Limitations and Future Directions
While FIDeL significantly improves failure detection, dependence on the diversity of demonstration data can lead to over-flagging benign state variations as anomalies, increasing VLM invocation cost. Current semantic filtering remains computationally expensive and sensitive to the prompt design and VLM calibration. Spatial and temporal invariance, though beneficial for many tasks, may limit sensitivity to non-Markovian failures where the action history is essential for correct classification.

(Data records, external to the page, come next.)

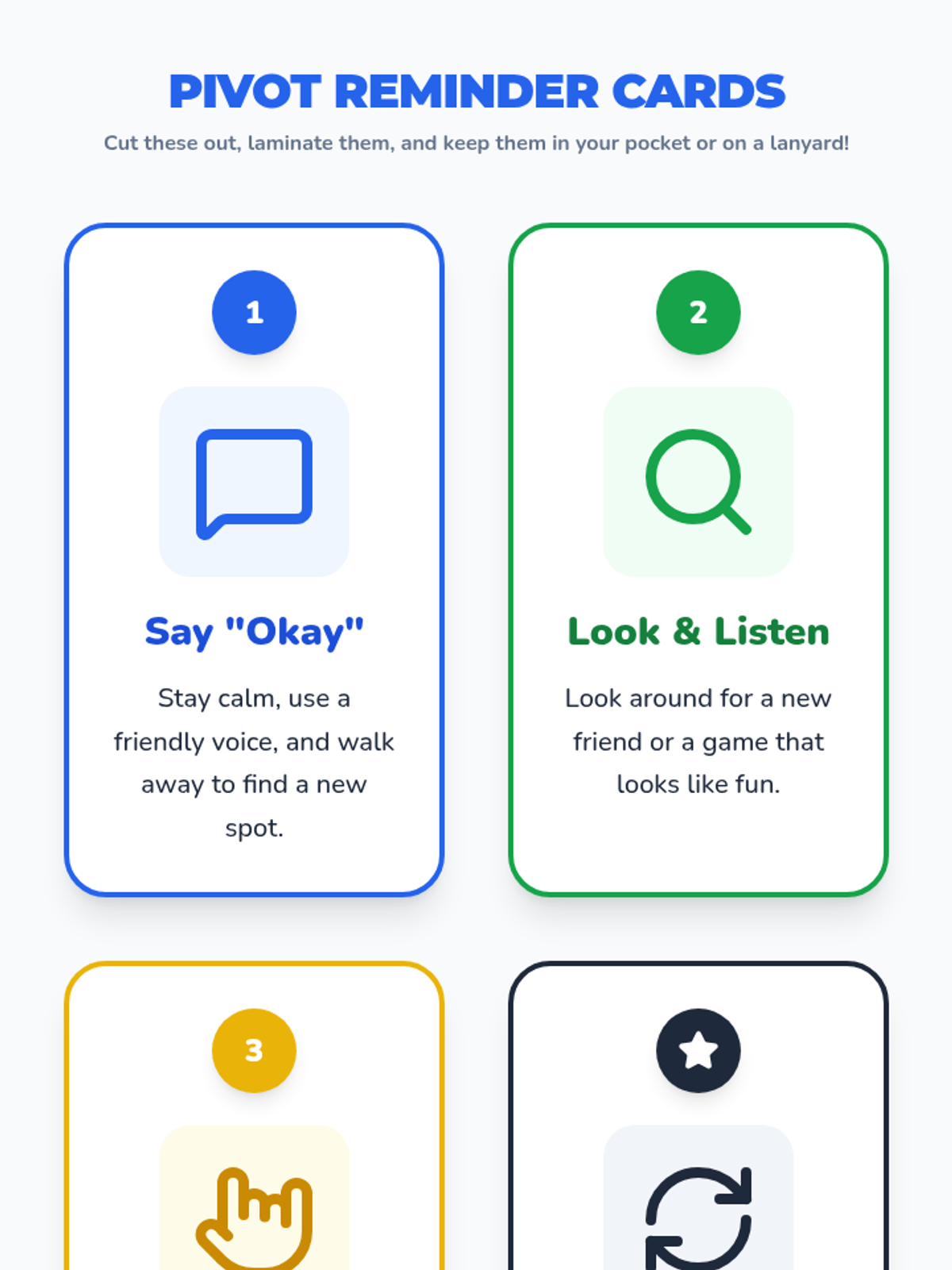 A set of printable pocket cards with visual icons summarizing the Playground Pivot steps for students to use during recess.
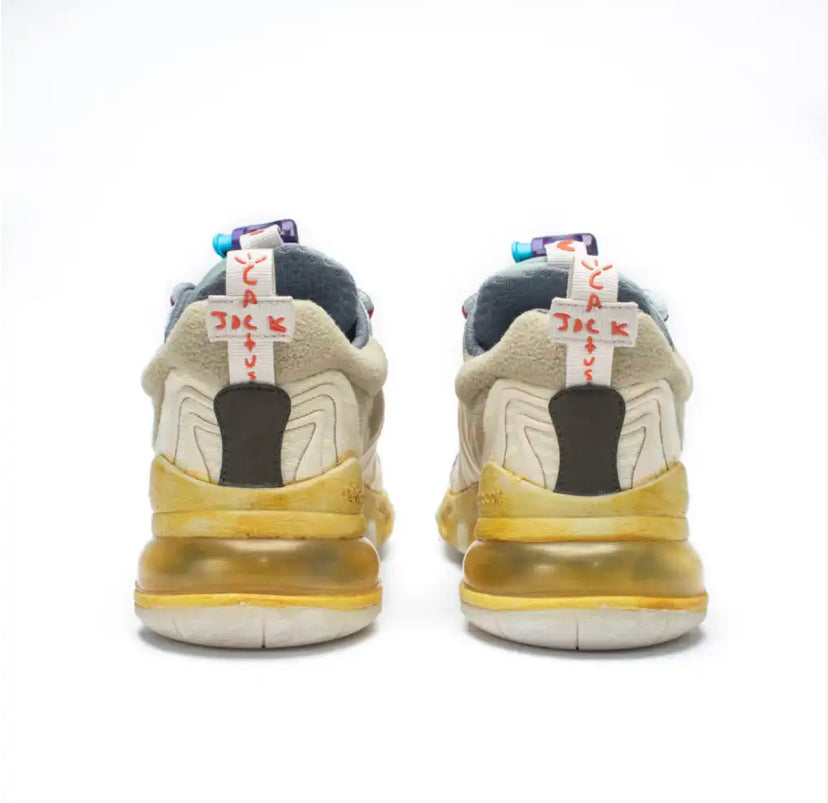 O Nike x Travis Scott Air Max 270 'Cactus Trails' mostra como Travis Scott escapa da realidade através de sua própria imaginação, em um mundo no qual ele e seus fãs se perdem. O design reúne uma atitude e estética dos anos 90 com uma sensação de desgaste. Os marrons e laranjas na camada de base pintada da espuma exposta são derivados de um estilo inspirado em trilhas de sobreposições com uma paleta de cores semelhante à afinidade de Travis Scott com o estilo vintage.
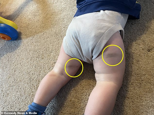 Por ndërsa ajo filloi të ngarkonte çantat e blerjeve në makinën e saj pasi pagoi, ajo pretendon se karroca u rrokullisdhe u rrëzua duke bërë që George të godiste kokën në trotuar. Fotot tronditëse tregojnë djalin të dëmtuar në kokë dhe me mavijosje në pjesën e prapme të këmbëve të tij.
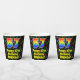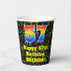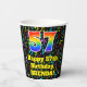 This cheerful and fun music-themed birthday paper cup design features a large number “57” having a rainbow spectrum gradient inspired pattern. It also features the message “Happy 57th Birthday,”, and an editable name. The background features a colourful pattern having music notes and symbols of various colours and sizes. Colourful, vibrant paper cups like this might be fun to have at a birthday party being held to honour somebody’s 57th birthday. [~Z0000541]
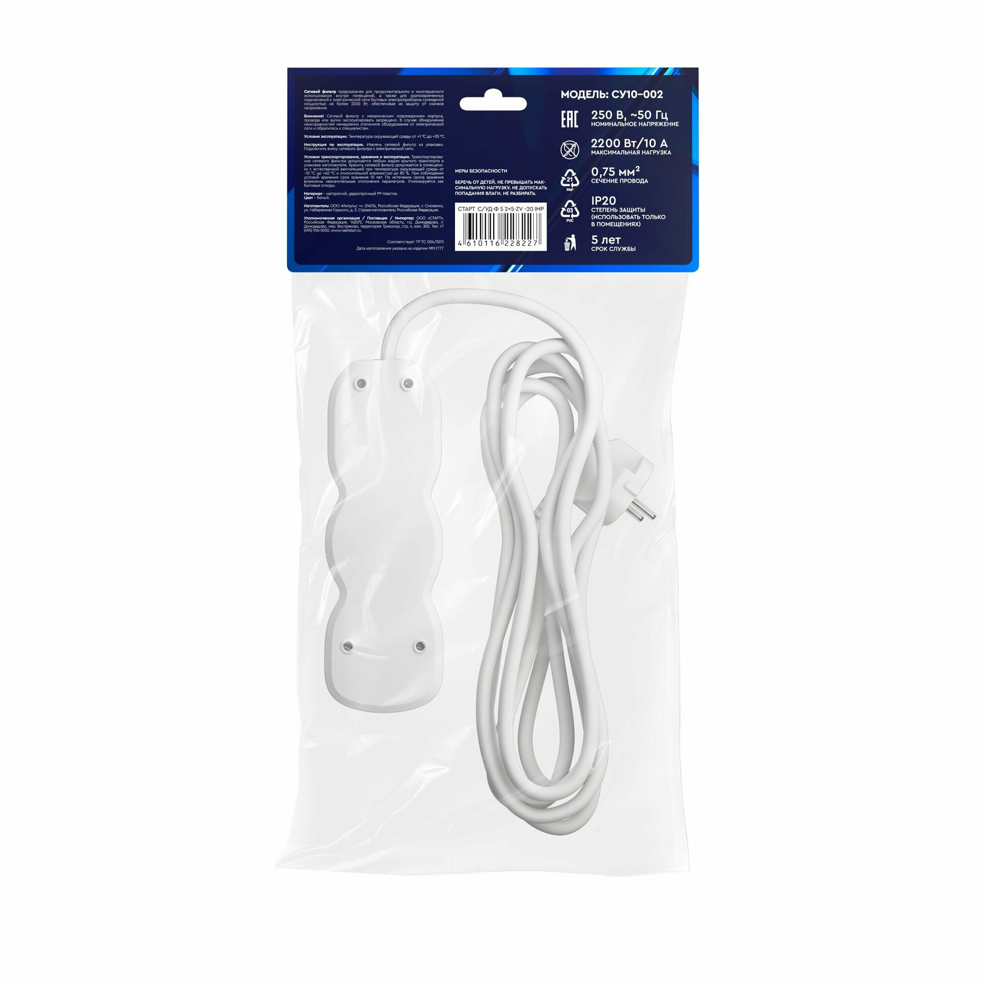 Удлинитель сетевой бытовой 1.5м старт 3 розетки, 10А, ПВС 2х0.75, 2200 Вт

Future research directions include explicit temporal modeling for sequential anomaly/failure detection, low-cost VLM alternatives for semantic filtering, and leveraging generative uncertainty estimation as an additional runtime supervision signal. Extending BotFails and similar benchmarks to massively multi-task and open-world domains will be key for the field.
Conclusion
FIDeL establishes a robust, interpretable, and high-accuracy approach for failure detection in imitation learning-driven robotics. By combining optimal transport–based AD, dynamic conformal thresholding, and semantic VLM filtering, the framework overcomes key limitations of existing methods—delivering strong gains both in anomaly and end-to-end failure identification. These methodological advances materially increase the reliability, explainability, and deployability of IL policies in safety-critical robotic applications.